Here’s the key distinction for a bald spot on the head: cats who over-groom almost always target areas they can easily reach with their tongue, primarily the belly, chest, inner legs, and flanks. They can’t effectively lick the top of their own head. So if the bald spot is truly on top of the head, stress grooming is unlikely. If another cat in the household is doing the over-grooming (mutual grooming gone overboard), that’s a different story.
What a Vet Will Do
If the bald spot looks abnormal, a vet typically starts with a few straightforward tests. A skin scraping uses a blade and mineral oil to collect surface material, which is examined under a microscope for mites. Cytology collects cells from the skin to check for bacteria, yeast, or unusual immune cells. For suspected ringworm, a fungal culture or a special ultraviolet lamp can identify the infection.
If those initial tests don’t provide answers, or if the vet suspects an autoimmune condition or something deeper, a skin biopsy may follow. This involves taking a small, full-thickness sample of skin under local anesthesia and sending it to a pathologist. Biopsies are especially useful for ruling out autoimmune diseases, hair follicle disorders, and skin cancers.

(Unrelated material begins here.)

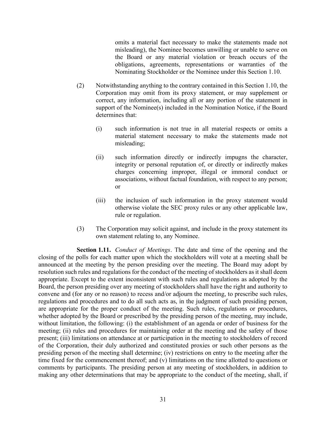 31 omits a material fact necessary to make the statements made not misleading), the Nominee becomes unwilling or unable to serve on the Board or any material violation or breach occurs of the obligations, agreements, representations or warranties of the Nominating Stockholder or the Nominee under this Section 1.10. (2) Notwithstanding anything to the contrary contained in this Section 1.10, the Corporation may omit from its proxy statement, or may supplement or correct, any information, including all or any portion of the statement in support of the Nominee(s) included in the Nomination Notice, if the Board determines that: (i) such information is not true in all material respects or omits a material statement necessary to make the statements made not misleading; (ii) such information directly or indirectly impugns the character, integrity or personal reputation of, or directly or indirectly makes charges concerning improper, illegal or immoral conduct or associations, without factual foundation, with respect to any person; or (iii) the inclusion of such information in the proxy statement would otherwise violate the SEC proxy rules or any other applicable law, rule or regulation. (3) The Corporation may solicit against, and include in the proxy statement its own statement relating to, any Nominee. Section 1.11. Conduct of Meetings. The date and time of the opening and the closing of the polls for each matter upon which the stockholders will vote at a meeting shall be announced at the meeting by the person presiding over the meeting. The Board may adopt by resolution such rules and regulations for the conduct of the meeting of stockholders as it shall deem appropriate. Except to the extent inconsistent with such rules and regulations as adopted by the Board, the person presiding over any meeting of stockholders shall have the right and authority to convene and (for any or no reason) to recess and/or adjourn the meeting, to prescribe such rules, regulations and procedures and to do all such acts as, in the judgment of such presiding person, are appropriate for the proper conduct of the meeting. Such rules, regulations or procedures, whether adopted by the Board or prescribed by the presiding person of the meeting, may include, without limitation, the following: (i) the establishment of an agenda or order of business for the meeting; (ii) rules and procedures for maintaining order at the meeting and the safety of those present; (iii) limitations on attendance at or participation in the meeting to stockholders of record of the Corporation, their duly authorized and constituted proxies or such other persons as the presiding person of the meeting shall determine; (iv) restrictions on entry to the meeting after the time fixed for the commencement thereof; and (v) limitations on the time allotted to questions or comments by participants. The presiding person at any meeting of stockholders, in addition to making any other determinations that may be appropriate to the conduct of the meeting, shall, if

How Quickly Fur Grows Back
Once the underlying cause is treated, most cats start showing new fuzz within a couple of weeks. Short-haired cats generally have a full coat back in two to three months. Long-haired breeds take longer, typically three to six months for complete regrowth. The timeline depends partly on how much damage the skin sustained. If scratching caused deep wounds or secondary infections, healing the skin itself adds time before hair follicles can restart normal growth.
Conditions like ringworm require completing the full course of treatment before you’ll see consistent regrowth, since the fungus can re-infect new hair as it comes in. Allergies need ongoing management to prevent the cycle from repeating.